# Help w/ tire choice



## Justin Meyers (Jun 22, 2004)

. I am buying a '13 Brute Force that is slightly used for a really good price...as in a REALLY good price. Anyway, it has stock tires on it, and this will be my first ATV to ever own and id like to take great care of it. It has stock tires on it, but I need better tires obviously. My question is, its, that I am not doing serious mudding as in DSO for example. Most mud ill ever see will probably be the bottoms at the Deer lease in Tarkington. What is the best "All around tire" and what is the biggest I can put on the brute stock w/o rubbing. I know that w/ aggressive tires you have to worry about breaking axles and I DO NOT want that to happen. I want a good trail tire, but a good mud tire. So what are my options??? Also, if I lift it 2" what will be the perfect tire size? Thanks!


----------



## Hotrod (Oct 11, 2006)

Stock height 27in tire. 2in lift you should be able to do 28in tires, after 28in tires you start to break things easier. My best opinion for best all around tire, Maxxis Zillas. Not the Mudzilla, just the Zillas. Good ply and tread rating. I ran some 28 and 30's for a while and loved them. Turned a few more onto them and they like them the same. Big debates on best all around tires. They are good for trail riding, good for mud holes, wont beat your bike up, and easy on parts. Ride fairly smooth.


----------



## Justin Meyers (Jun 22, 2004)

Great! You accually answered all my questions! N then some. I definitely want something that will not beat me to death on hard ground.
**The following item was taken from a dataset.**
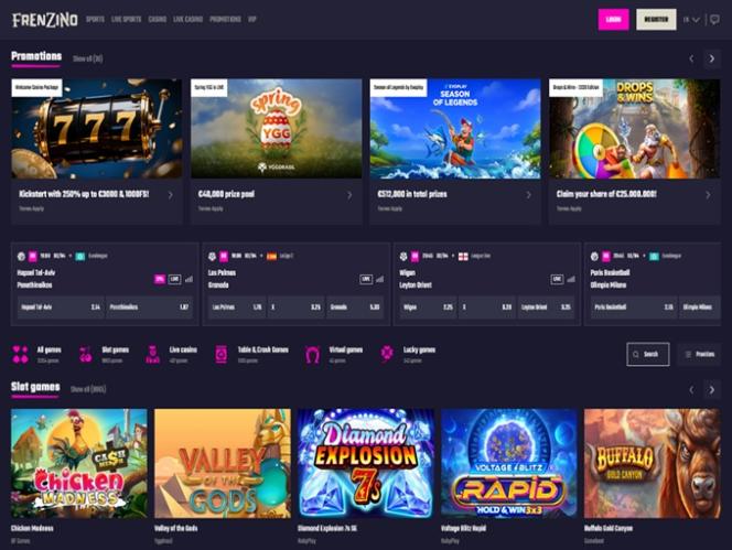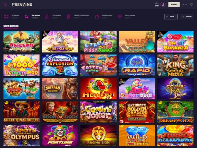Frenzino on kryptoystävällinen nettikasino ja vedonlyöntisivusto , joka toimii Kahnawaken lisenssillä. Se tarjoaa tuhansia kasinopelejä, kuten kolikkopelejä, pöytäpelejä, kuten baccaratia, rulettia ja blackjackia, sekä crash-pelejä ja virtuaalipelejä.

Thank you kind sir!


----------



## GUNSNREELS (Aug 17, 2010)

There are so many good tires out there to put on your brute.Like z-man says is true,i ran some itp mud lites on my grizzly,after about 6 months the tread started to split.I couldn't believe it.I call highlifter,they have some really great people that work there,and we talked about a good mud tire.We finally mad a decision and i bought the outlaw m/s tire.Wow,what a tire,rides really smooth,they are real easy on your front end,and they out performed the itp mud lites both in the mud and on sand/dirt roads.They are excellant tires.


----------